* [What you have to do] Reproduce exactly the lines from the start of the records through the line containing "3.) Once you", both included. Leave the pictures out.

(Collected data)
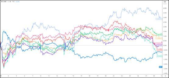 从过去一个月各主要币别的汇率走势图可以发现,美元(DXY,深蓝色线)在2月份的第一个交易日来到高点之后,便开始出现反转,进而一路走弱到月底。日元在2月下半旬异军突起,月度涨幅更曾一度来到4%,另外欧系货币像是英镑、瑞郎也算是表现的前段班,2月中之后还能保持涨幅至月底,至于澳元与纽元则在最后一个交易日多头失守,导致整月收跌。
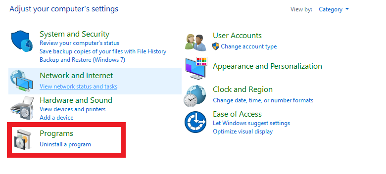3.) Once you have connected to your virtual machine you will want to go to your control panel. From the control panel open up programs. Select, Turn Windows features on and off.
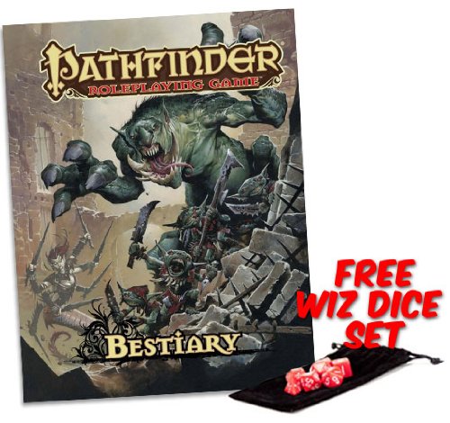 -. Binding : Toy -. EAN : 0919998991897 -. Feature : Pathfinder Bestiary Book and free set of polyhedral Wiz Dice / Must-have companion to Pathfinder Roleplaying Core Rulebook (Sold Separately) / Hardcover book features 327 fully-illustrated pages / Contains more than 350 grizzly monsters / Extensive and universal rules to enhance game play are included -. Label : Paizo Publishing -. Manufacturer : Paizo Publishing -. PackageQuantity : 1 -. ProductGroup : Toy -. ProductTypeName : TOYS_AND_GAMES -. Publisher : Paizo Publishing -. Studio : Paizo Publishing -. Title : Pathfinder Roleplaying Game Bestiary Book (Hardcover) with Free Set of 7 Polyhedral Wiz Dice -. UPC : 919998991897
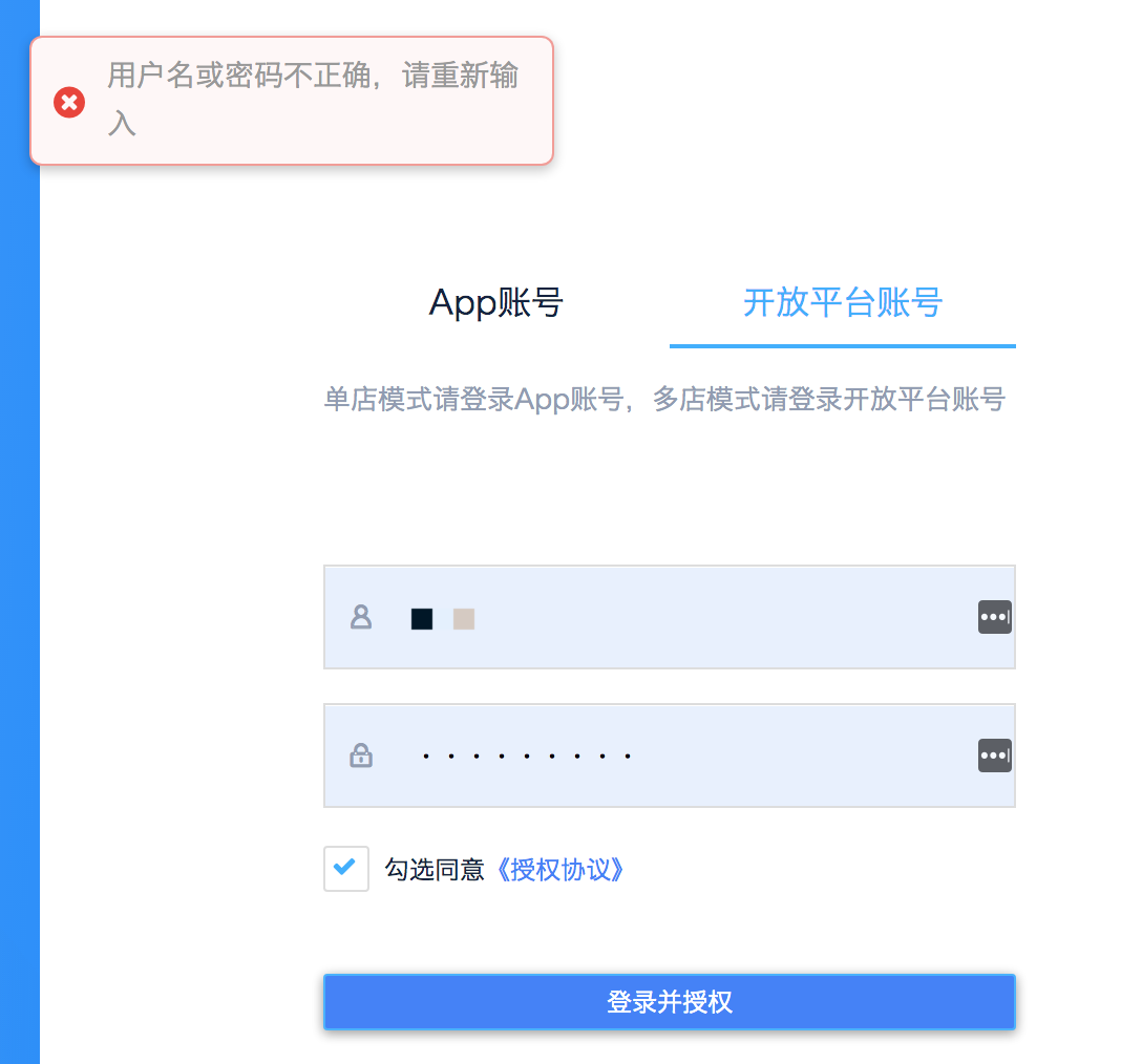 1.达达:一直提示账号或密码错误。然后我旁边就登录着他们的开放平台,用的相同账号和密码。查了其它帖子,说把用户名换成商户ID,也报错。
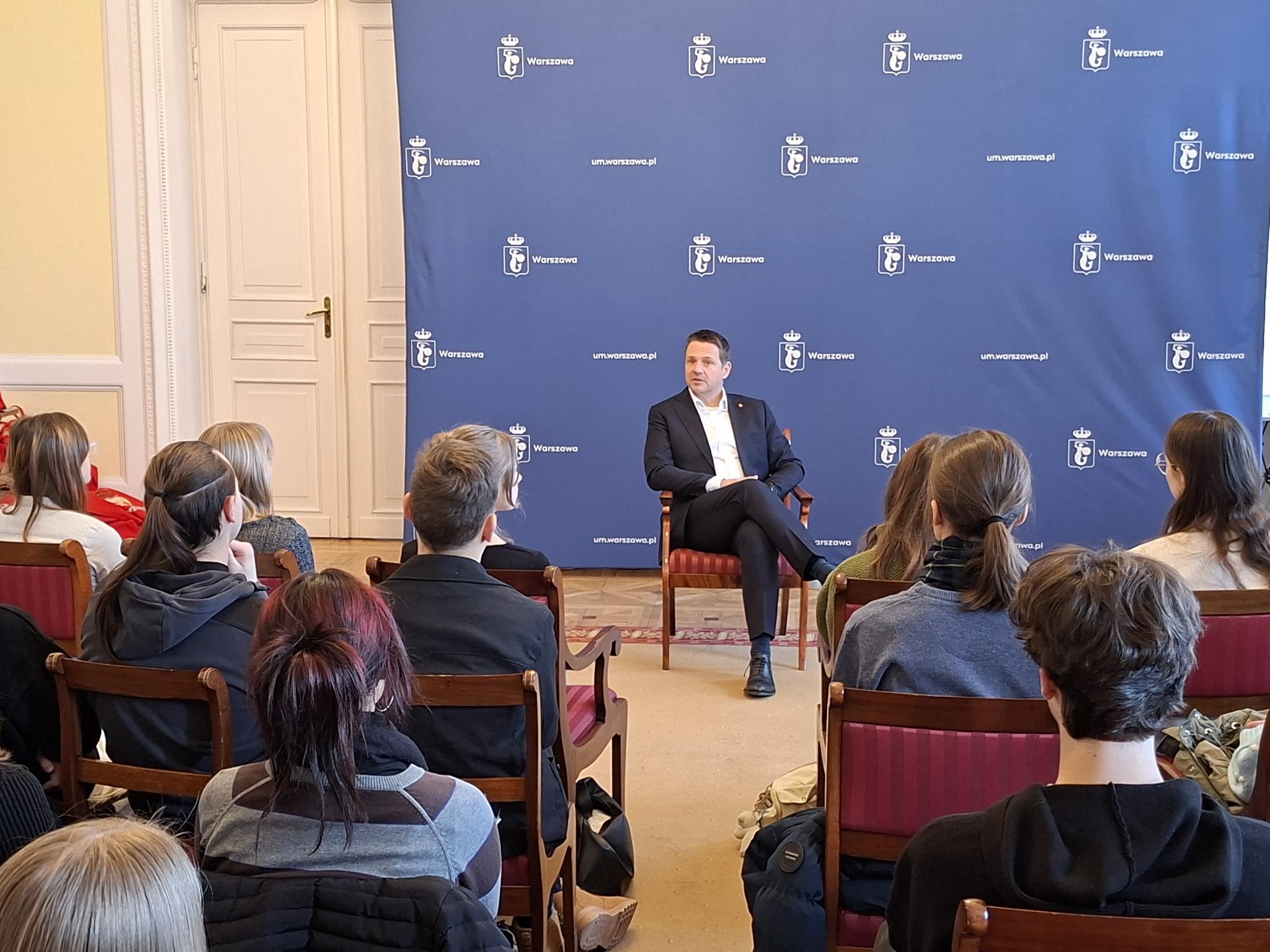 Am Montag starteten wir unseren Tag in Warschau mit einer Führung durch unsere Gastgeberschule, das VII LO im. Juliusza Słowackiego. Zuerst bekamen wir eine kurze Einführung und lernten das Schulgebäude sowie den Schulalltag in Polen kennen. Es war spannend zu sehen, wie der Unterricht dort organisiert ist und worin sich das Schulsystem von unserem unterscheidet. Anschließend besuchten wir das Rathaus, wo wir den Bürgermeister von Warschau, Rafał Trzaskowski, trafen. Wir machten eine Stunde lang ein Q and A und haben so vieles über seine Aufgaben und die Entwicklung der Stadt erfahren.
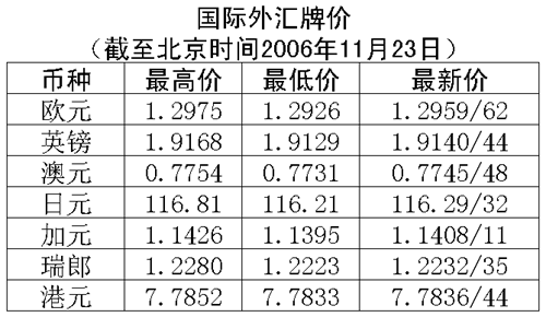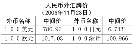 根據中國人民銀行授權中國外匯交易中心發布的公告,2006年11月23日銀行間外匯市場美元等交易貨幣對人民幣匯率的中間價為:1美元兌人民幣7.8596元,1歐元兌人民幣10.1703元,100日元兌人民幣6.7331元,1港幣兌人民幣1.00966元,1英鎊兌人民幣15.0452元。人民幣對美元匯率中間價設定為7.8596,為歷史最低。

* [Answer for the task]
 从过去一个月各主要币别的汇率走势图可以发现,美元(DXY,深蓝色线)在2月份的第一个交易日来到高点之后,便开始出现反转,进而一路走弱到月底。日元在2月下半旬异军突起,月度涨幅更曾一度来到4%,另外欧系货币像是英镑、瑞郎也算是表现的前段班,2月中之后还能保持涨幅至月底,至于澳元与纽元则在最后一个交易日多头失守,导致整月收跌。
3.) Once you have connected to your virtual machine you will want to go to your control panel. From the control panel open up programs. Select, Turn Windows features on and off.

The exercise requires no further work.